# [TASK STATEMENT]
Word for word, copy the data that follows and skip its pictures.

# [RECORD SET]

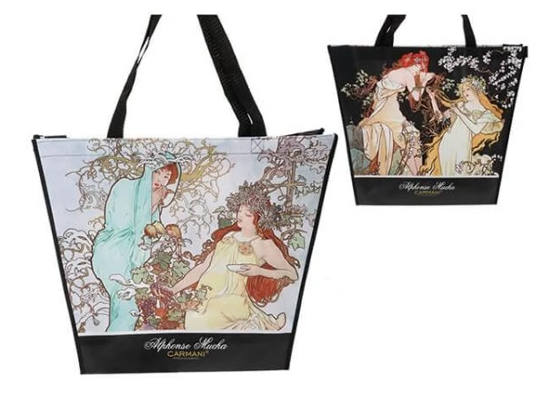 Műanyag táska, melynek mindegyik oldalát egy-egy Mucha festmény díszít. A vállraakasztható táska mérete: 46x11x38 cm.
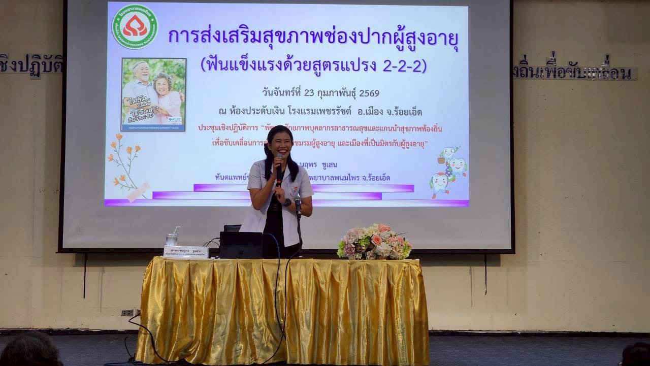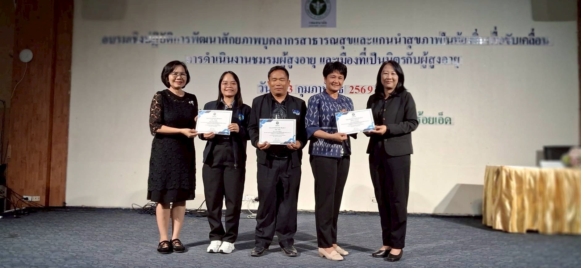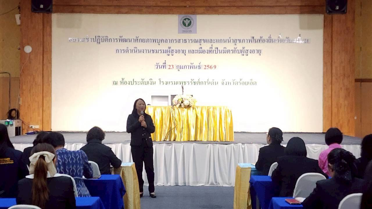 วันที่ 23 กุมภาพันธ์ 2569 นพ.ชาตรี เมธาธราธิป ผู้อำนวยการศูนย์อนามัยที่ 7 ขอนแก่น มอบหมายให้ กลุ่มพัฒนาการส่งเสริมสุขภาพวัยสูงอายุ ศูนย์อนามัยที่ 7 ขอนแก่น ร่วมกับสำนักงานสาธารณสุขจังหวัดร้อยเอ็ด จัดอบรมเชิงปฏิบัติการพัฒนาศักยภาพบุคลากรสาธารณสุขและแกนนำสุขภาพในท้องถิ่นเพื่อขับเคลื่อนการดำเนินงานชมรมผู้สูงอายุ และเมืองที่เป็นมิตรกับผู้สูงอายุ ณ โรงแรมเพชรรัตน์ ต.เหนือเมือง อ.เมือง จ.ร้อยเอ็ด ผู้เข้าร่วมอบรมประกอบด้วย เจ้าหน้าที่ผู้รับผิดชอบงานผู้สูงอายุจาก อบจ./อปท./หน่วยบริการสาธารณสุข และแกนนำสุขภาพจากโรงเรียน/ชมรมผู้สูงอายุ จำนวน 91 คน โดยมี ดร.สดุดี ภูห้องไสย หัวหน้ากลุ่มพัฒนาการส่งเสริมสุขภาพวัยสูงอายุ ศูนย์อนามัยที่ 7 ขอนแก่น และ นางปิยมณฑ์ พฤกษชาติ หัวหน้ากลุ่มส่งเสริมสุขภาพ สำนักงานสาธารณสุขจังหวัดร้อยเอ็ด กล่าวต้อนรับผู้เข้าอบรม
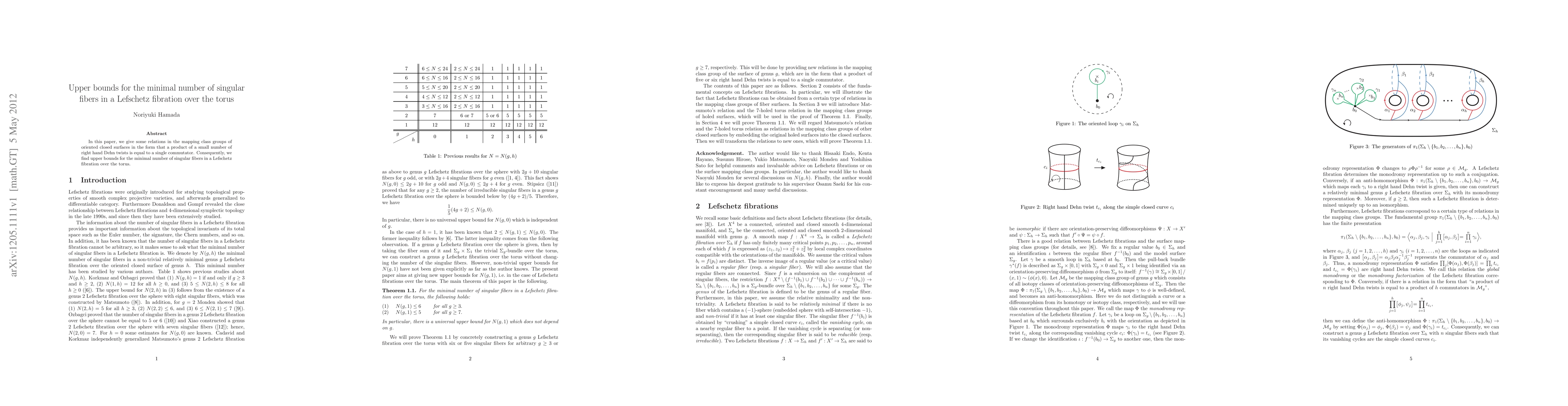 In this paper, we give some relations in the mapping class groups of oriented closed surfaces in the form that a product of a small number of right hand Dehn twists is equal to a single commutator. Consequently, we find upper bounds for the minimal number of singular fibers in a Lefschetz fibration over the torus.
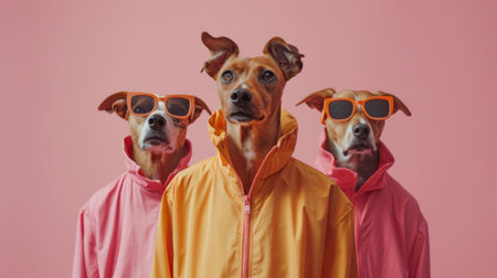 Three stylish dogs in colorful jackets and sunglasses posing on a vibrant pink background with playful expressions
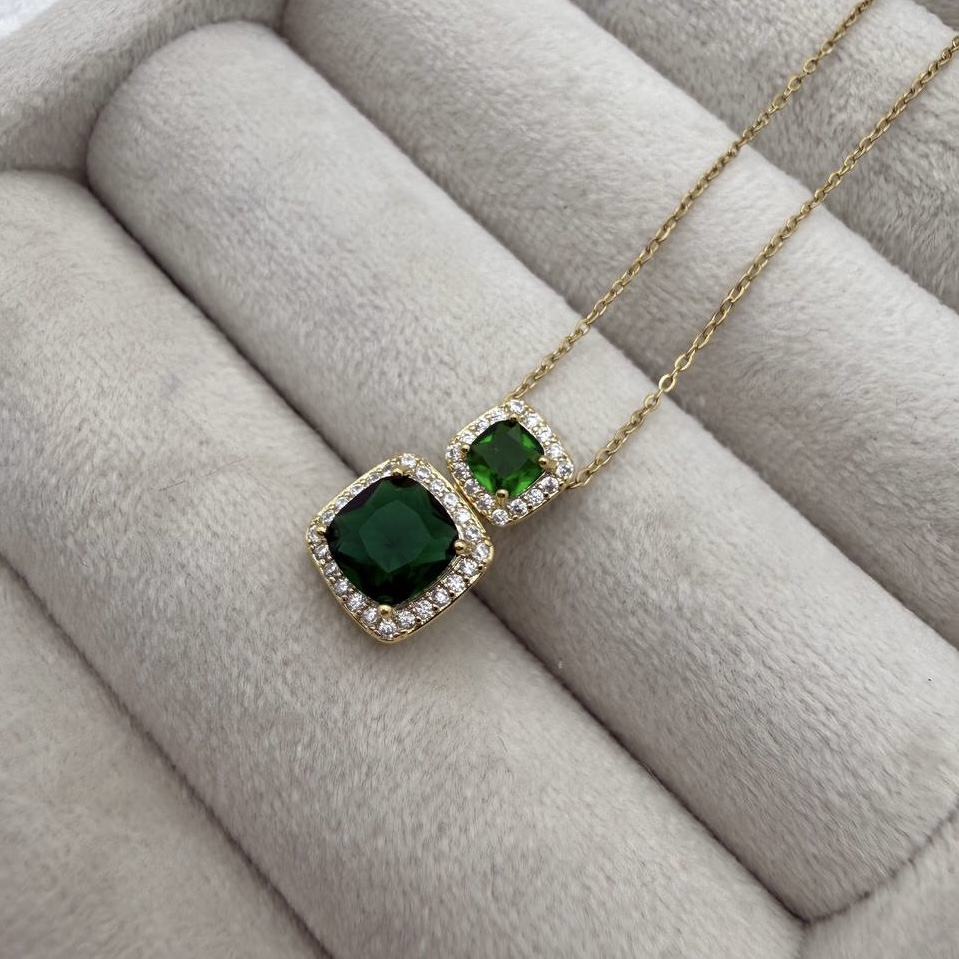 این گردنبند با زنجیر طلایی ظریف و آویز دو نگین سبز مربعی، ترکیبی از طراحی کلاسیک و الهام از طبیعت است. نگینهای سبز با قاب الماسی، نمادی از آرامش و انرژی مثبت بوده و جلوهای زنانه و مجلسی به استایل شما میبخشند. مناسب برای مهمانیها، قرارهای عاشقانه یا هدیهای خاص و ماندگار.
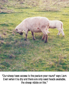 "Our sheep have access to the pasture year round" says Liam. Even when it is dry and there are only seed heads available, the sheep nibble on this."

# [RESULT FOR THIS EXERCISE]
 Műanyag táska, melynek mindegyik oldalát egy-egy Mucha festmény díszít. A vállraakasztható táska mérete: 46x11x38 cm.
 วันที่ 23 กุมภาพันธ์ 2569 นพ.ชาตรี เมธาธราธิป ผู้อำนวยการศูนย์อนามัยที่ 7 ขอนแก่น มอบหมายให้ กลุ่มพัฒนาการส่งเสริมสุขภาพวัยสูงอายุ ศูนย์อนามัยที่ 7 ขอนแก่น ร่วมกับสำนักงานสาธารณสุขจังหวัดร้อยเอ็ด จัดอบรมเชิงปฏิบัติการพัฒนาศักยภาพบุคลากรสาธารณสุขและแกนนำสุขภาพในท้องถิ่นเพื่อขับเคลื่อนการดำเนินงานชมรมผู้สูงอายุ และเมืองที่เป็นมิตรกับผู้สูงอายุ ณ โรงแรมเพชรรัตน์ ต.เหนือเมือง อ.เมือง จ.ร้อยเอ็ด ผู้เข้าร่วมอบรมประกอบด้วย เจ้าหน้าที่ผู้รับผิดชอบงานผู้สูงอายุจาก อบจ./อปท./หน่วยบริการสาธารณสุข และแกนนำสุขภาพจากโรงเรียน/ชมรมผู้สูงอายุ จำนวน 91 คน โดยมี ดร.สดุดี ภูห้องไสย หัวหน้ากลุ่มพัฒนาการส่งเสริมสุขภาพวัยสูงอายุ ศูนย์อนามัยที่ 7 ขอนแก่น และ นางปิยมณฑ์ พฤกษชาติ หัวหน้ากลุ่มส่งเสริมสุขภาพ สำนักงานสาธารณสุขจังหวัดร้อยเอ็ด กล่าวต้อนรับผู้เข้าอบรม
 In this paper, we give some relations in the mapping class groups of oriented closed surfaces in the form that a product of a small number of right hand Dehn twists is equal to a single commutator. Consequently, we find upper bounds for the minimal number of singular fibers in a Lefschetz fibration over the torus.
 Three stylish dogs in colorful jackets and sunglasses posing on a vibrant pink background with playful expressions
 این گردنبند با زنجیر طلایی ظریف و آویز دو نگین سبز مربعی، ترکیبی از طراحی کلاسیک و الهام از طبیعت است. نگینهای سبز با قاب الماسی، نمادی از آرامش و انرژی مثبت بوده و جلوهای زنانه و مجلسی به استایل شما میبخشند. مناسب برای مهمانیها، قرارهای عاشقانه یا هدیهای خاص و ماندگار.
 "Our sheep have access to the pasture year round" says Liam. Even when it is dry and there are only seed heads available, the sheep nibble on this."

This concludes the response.